◆ Required work
The answer should hold every line of the listing, unchanged and free of images.

◆ Data provided
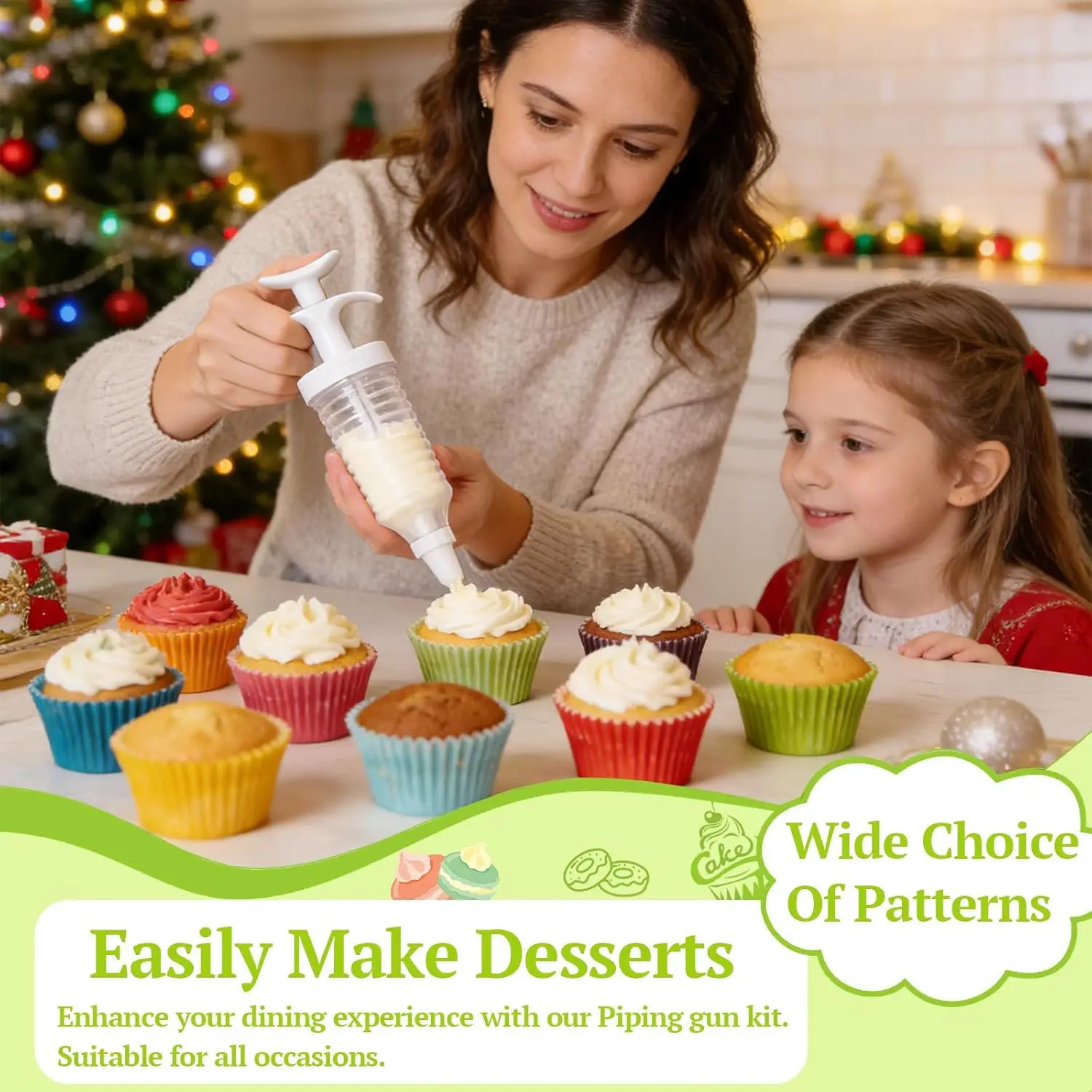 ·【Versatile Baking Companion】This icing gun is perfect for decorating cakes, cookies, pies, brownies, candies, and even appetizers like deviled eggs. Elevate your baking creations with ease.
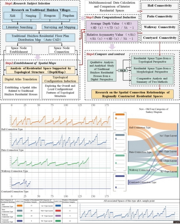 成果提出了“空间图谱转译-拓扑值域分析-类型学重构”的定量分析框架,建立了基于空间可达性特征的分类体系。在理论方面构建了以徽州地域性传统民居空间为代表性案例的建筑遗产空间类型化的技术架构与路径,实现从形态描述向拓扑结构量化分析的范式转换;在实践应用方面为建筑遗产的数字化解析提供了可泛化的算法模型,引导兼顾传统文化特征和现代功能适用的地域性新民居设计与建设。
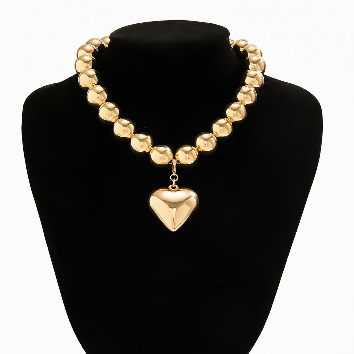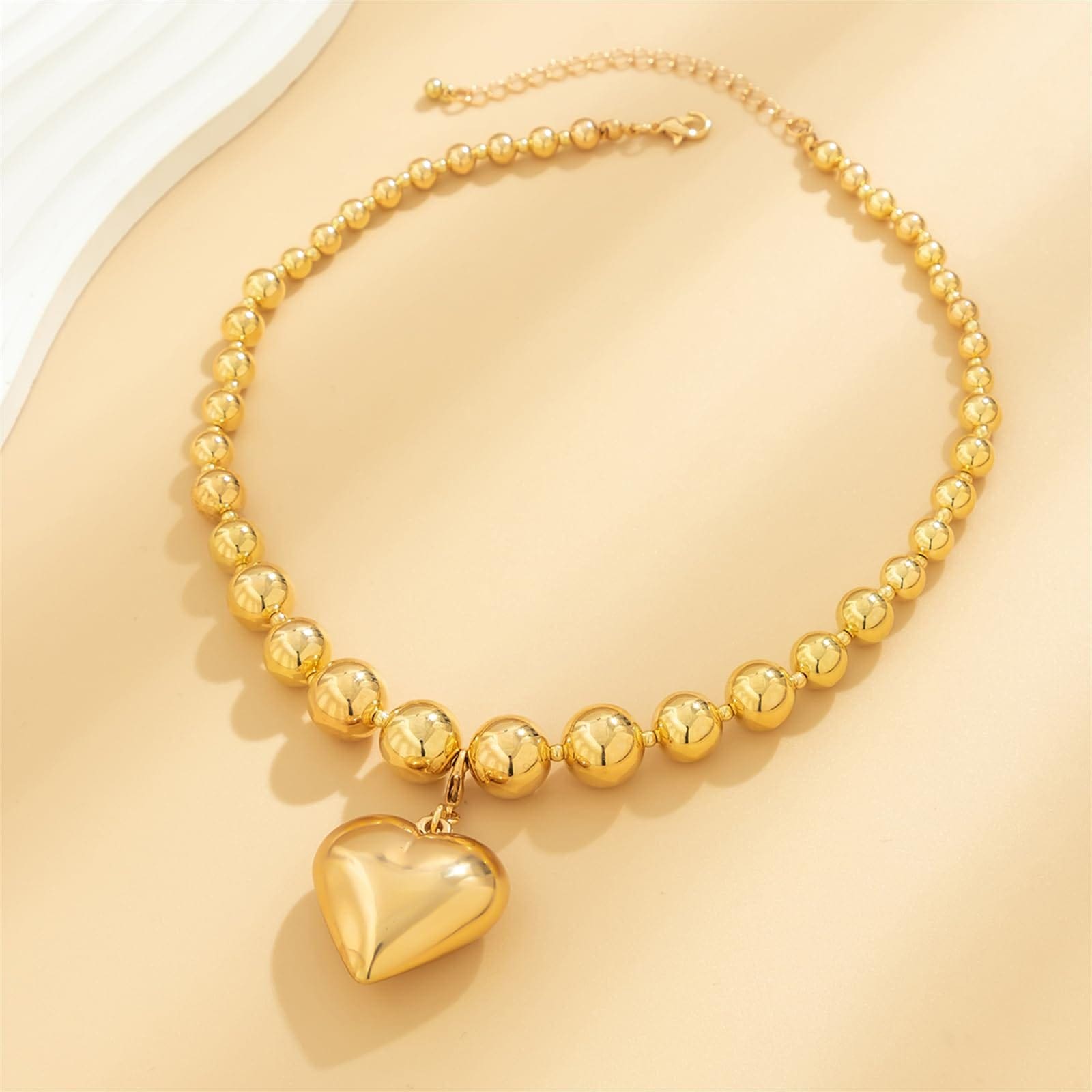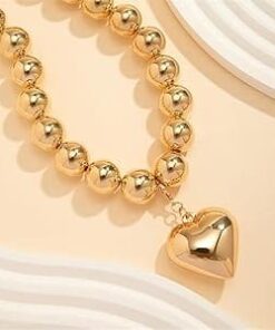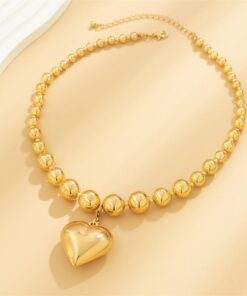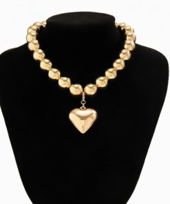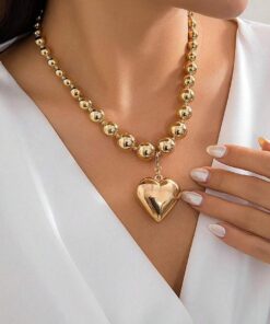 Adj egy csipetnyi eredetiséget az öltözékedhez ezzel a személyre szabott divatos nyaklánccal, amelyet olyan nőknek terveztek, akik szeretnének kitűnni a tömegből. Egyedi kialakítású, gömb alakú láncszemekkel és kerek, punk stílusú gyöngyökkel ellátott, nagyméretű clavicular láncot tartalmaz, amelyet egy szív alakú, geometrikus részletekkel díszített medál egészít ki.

◆ Exercise response
 ·【Versatile Baking Companion】This icing gun is perfect for decorating cakes, cookies, pies, brownies, candies, and even appetizers like deviled eggs. Elevate your baking creations with ease.
 成果提出了“空间图谱转译-拓扑值域分析-类型学重构”的定量分析框架,建立了基于空间可达性特征的分类体系。在理论方面构建了以徽州地域性传统民居空间为代表性案例的建筑遗产空间类型化的技术架构与路径,实现从形态描述向拓扑结构量化分析的范式转换;在实践应用方面为建筑遗产的数字化解析提供了可泛化的算法模型,引导兼顾传统文化特征和现代功能适用的地域性新民居设计与建设。
 Adj egy csipetnyi eredetiséget az öltözékedhez ezzel a személyre szabott divatos nyaklánccal, amelyet olyan nőknek terveztek, akik szeretnének kitűnni a tömegből. Egyedi kialakítású, gömb alakú láncszemekkel és kerek, punk stílusú gyöngyökkel ellátott, nagyméretű clavicular láncot tartalmaz, amelyet egy szív alakú, geometrikus részletekkel díszített medál egészít ki.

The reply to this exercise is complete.